Yazmak anlatmak istediğimiz her türlü konuyu,çeşitli tarzlarda dile getiririz. Bazen,kızarak,bazen çok yumuşak,bazen de ironileştirerek…

Son yazımda “Güya tesettürlüler” derken bu üç dilide kullanmışım farketmeden.Genele hitap ettiğim,şahısları belirtmediğim halde,bazıları niye bu kadar gocundu anlamak güç ???

Hoşgörünün davulunu çalanlar,hoşgörüsüzce eleştirip kafa tuttu hatta hakaret ettiler.

Ne yapmalı? Gördüğümüz yanlışları hoşgörülü olmak adına görmezden mi gelmeli? Günden güne bozulan islam ve tesettür anlayışına seyircimi kalmalı?
Kardeşlerimiz bir anaforda savrulup giderken dillerimiz lâl mı olmalı?
Neyi nasıl hoşgörelim? Hem hoşgörü dediğiniz nedir ki?

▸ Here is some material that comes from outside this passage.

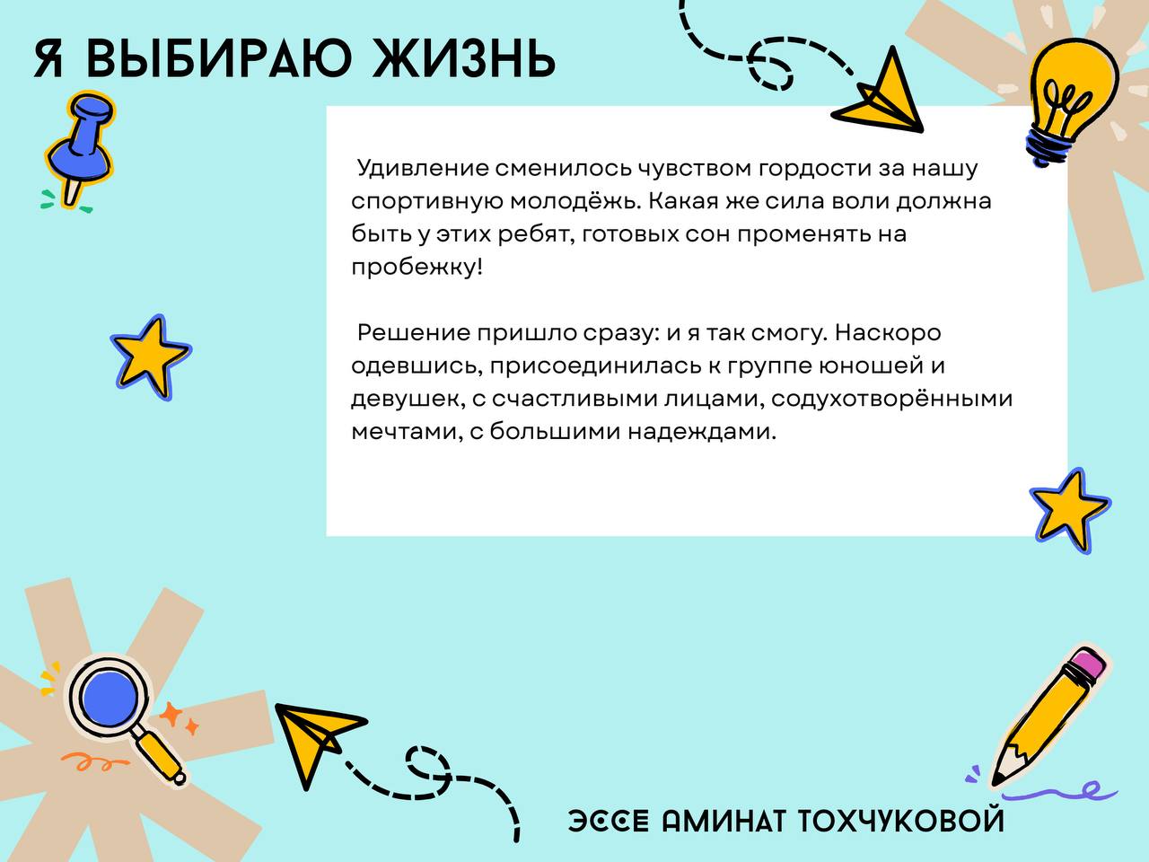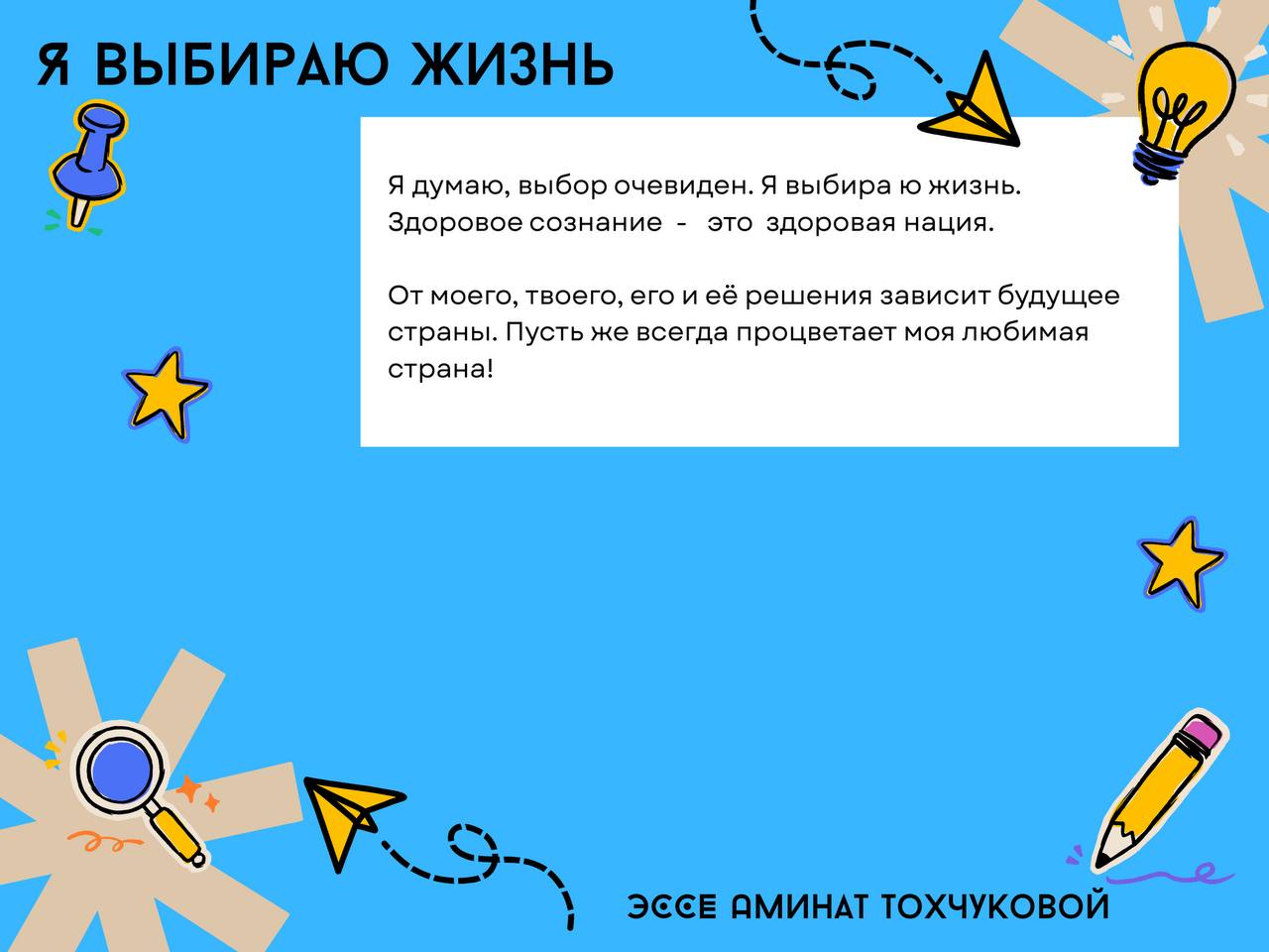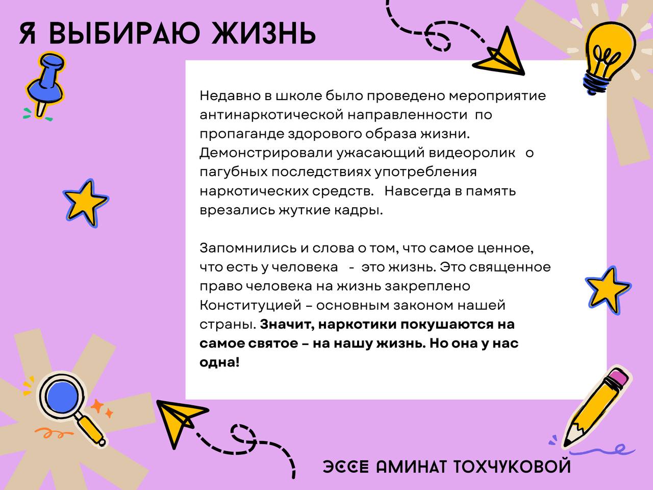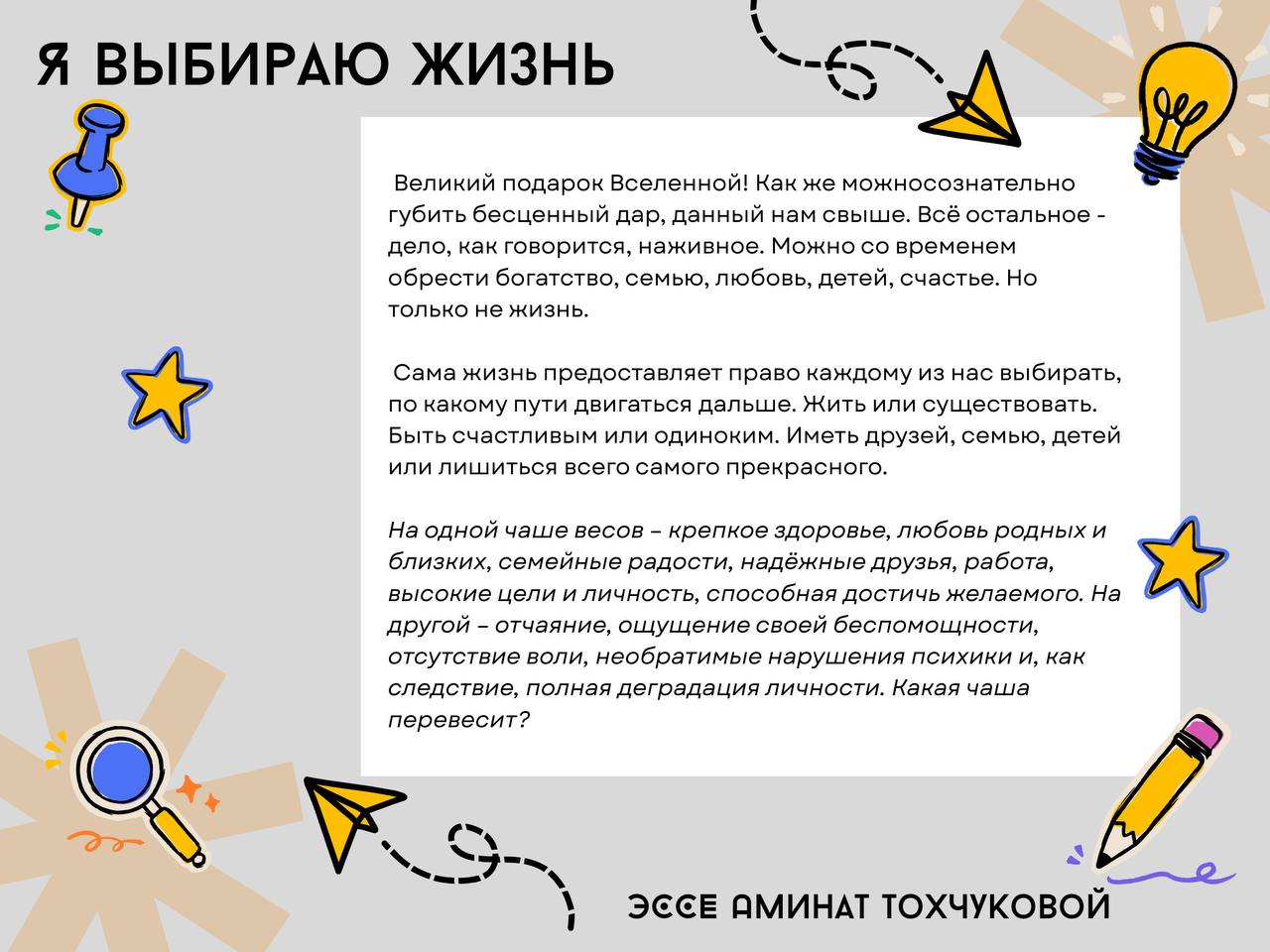 Это цитата из эссе ученицы гимназии №19 Аминат Тохчуковой - следующей участницы городского антинаркотического конкурса.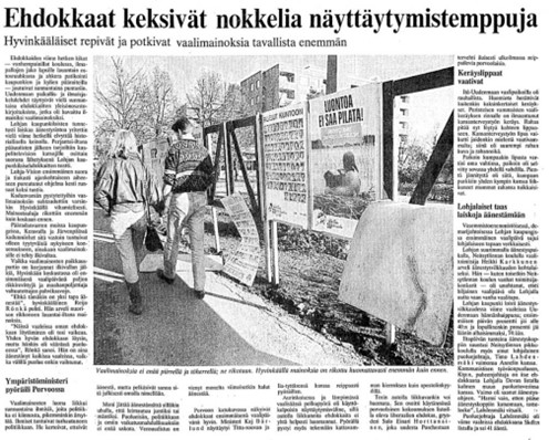 Hyvinkäällä revittiin ja potkittiin vaalimainoksia 80-luvulla. Helsingin Sanomat 17.10.1988

Türk dil kurumunun sözlüğüne göre hoşgörü:
“Her şeyi anlayışla karşılayarak olabildiği kadar hoş görme durumu, müsamaha, tolerans”

Vicdanınıza danışıp söyleyin Allah aşkına, böyle bir anlayış islama sığar mı?
 Hayat tarzıyla,yaşantısıyla güya islamdan ama islami anlayışa zarar vererek örnek olan kişiye nasıl hoşgörülü olabilirsiniz?
Karakterlerden doğan farklılıkları,insani zaaflardan kaynaklanan hataları elbette  anlayışla karşılamalı,yumuşaklık göstermeliyiz.Fakat konu islamın yanlış yaşanarak yaygınlaştırılmasına gelince göz yumamaz,sessiz kalamayız.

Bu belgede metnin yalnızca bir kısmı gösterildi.